Triste foi o dia em que Clarice acordou chorando.
A terça-feira amanheceu quente.
Muito quente. A mãe de Clarice dormia o saboroso sono da manhã quando, de
sobressalto, abriu os olhos, acurou os ouvidos, e percebeu que um ruído
familiar, mas incomum para o momento, vinha do aposento da jovem. Espreguiçou-se
como podia e, rapidamente, se levantou, calçou os chinelos e correu ao encontro
da filha.
A luz forte do sol se esgueirava
para entrar por entre as frestas da janela do quarto cuidadosamente decorado
com motivos, digamos assim, fofos. Sentada sobre a cama, com os braços
circundando os joelhos flexionados junto ao peito juvenil, Clarice chorava. E
não era um choro qualquer. Não era um choro. Era O choro.

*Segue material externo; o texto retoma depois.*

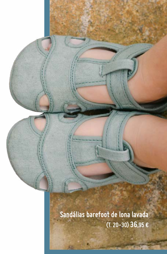
Sandálias barefoot de lona lavada (T. 20-30) 36,95 €

Clarice soluçava. Chorava como
nunca dantes havia chorado na vida. A mãe não entendia muito bem a situação. Na
verdade, não entendia nem um pouco a situação. A filha, de pijama, em posição
quase que fetal, chorando mais que um bebê com cólicas. Sem saber o que fazer,
sentou-se na cama e perguntou para a jovem qual a razão do seu pranto, sem não
antes dar um espaçoso e prolongado bocejo.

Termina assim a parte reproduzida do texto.